Woodpecker excellently illustrates the recontextualization of a “non-musical” source, as well as compositional techniques that are typical of the composer’s later works, such as a penchant for process, repetition, hocketed rhythms, stacked layers, and a dissonant tonality derived from a small amount of pitch material. The limited pitch vocabulary in Woodpecker is plainly seen in the pitched woodblocks and temple blocks, but is exaggerated in the marimba, which for most of the piece uses a noticeably restricted range of the available notes.
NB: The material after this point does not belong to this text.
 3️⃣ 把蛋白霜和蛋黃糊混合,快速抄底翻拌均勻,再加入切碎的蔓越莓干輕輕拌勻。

More importantly, though, the piece exemplifies Andriessen’s tendency to adhere to some underlying conceptual principle, in this case the evocation of a familiar incidental sound from the natural world.
Though fiendishly difficult at times, Woodpecker remains playful and charming; Andriessen has said that the use of a commonplace object or subject in a work of art was “destined to have . . . a comical or poetic effect.”
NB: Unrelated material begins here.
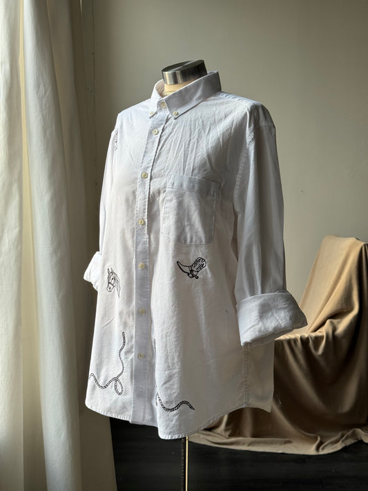 Lawrence Handcrafted Embroidered Cropped Button Down
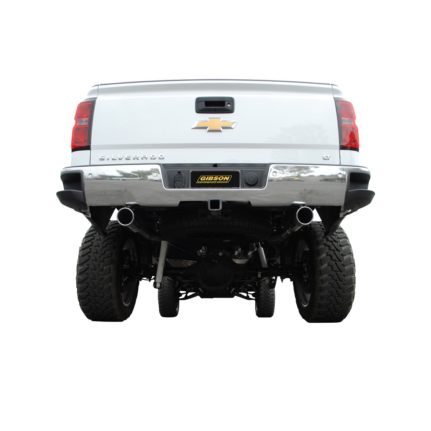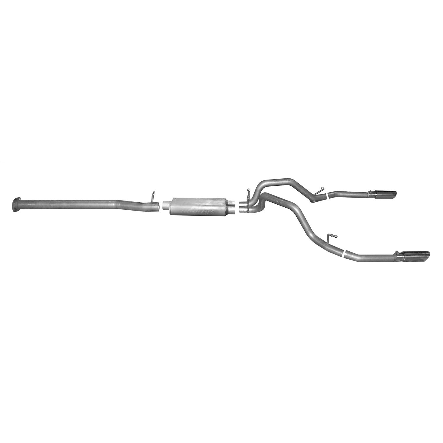 For the enthusiast who wants an awesome look and aggressive throaty sound this Dual Split Cat back exhaust is for you. Gibson Exhaust Systems decrease backpressure and produce more torque and increased horsepower. Typical gains average of 18-20 horsepower. Stainless dual Tip exit straight out the back. Works with most bumpers, roll pans and trailer hitches. Exhaust sound is louder under towing conditions. Hassle Free bolt- on installation. No welding required.

Woodpecker was commissioned by the marimbist Nancy Zeltsman, to whom it is dedicated and who premiered the work at the Percussive Arts Society International Convention in Dallas, Texas in 2000.
Hekate (notes from composer)
Hekate is a Greek goddess associated with crossroads, gates, and liminal places in space and time. The moon, fire, herbs and poisonous plants, magic, witchcraft, angels, and ghosts are her dominion. She rules over earth, sea and sky, and accompanies the souls of the deceased to Hades, holding torches in her hands. In late antiquity, she was known as the Savior who embodied the Cosmic Soul.
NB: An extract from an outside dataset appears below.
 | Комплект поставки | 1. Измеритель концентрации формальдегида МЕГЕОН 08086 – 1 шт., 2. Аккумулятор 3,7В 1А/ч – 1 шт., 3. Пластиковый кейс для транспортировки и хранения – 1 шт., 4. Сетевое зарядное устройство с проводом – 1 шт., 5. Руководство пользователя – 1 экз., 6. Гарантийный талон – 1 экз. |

The piece is written for Bendir (a special type of frame drum with snares), finger cymbal, and ankle bells. The frame drum is diachronically one of the oldest and most common instruments in the world. The sound of this simple instrument creates powerful emotions associated with shamanism, mysticism, rituals, ecstasy, healing, and femininity.
The piece showcases nocturnal and other field recordings captured by the composer over several years in Greece. The computer tracks the attack and the dynamics of the instruments and reacts by using various live processing techniques, which include multiple delays, phase vocoding, live sampling, frequency shifting, and harmonization, among others.
Hekate is commissioned by and dedicated to Patti Cudd.
Konstantinos Karathanasis (b. 1975) is an electroacoustic composer who draws inspiration from modern poetry, artistic cinema, abstract painting, mysticism, Greek mythology, and the writings of Carl G. Jung and Joseph Campbell. He holds a Ph.D. in Music Composition from the University at Buffalo and is currently an Associate Professor of Composition & Music Technology at the University of Oklahoma. http://www.karathanasis.org/
Item Number: EQ155
Year Recorded: 2020
Recording Engineer: David Schall (www.daveschallacoustic.com)
Monobot, the debut solo recording from percussionist Dan Piccolo, demonstrates the wide variety of solo percussion music. The album features pieces written for different configurations of percussion instruments, three of which are premiere recordings. The selections include canonic works alongside more recent compositions and provide a musical journey that ranges from the ethereal to the mechanical, celebrating the natural world in unique ways.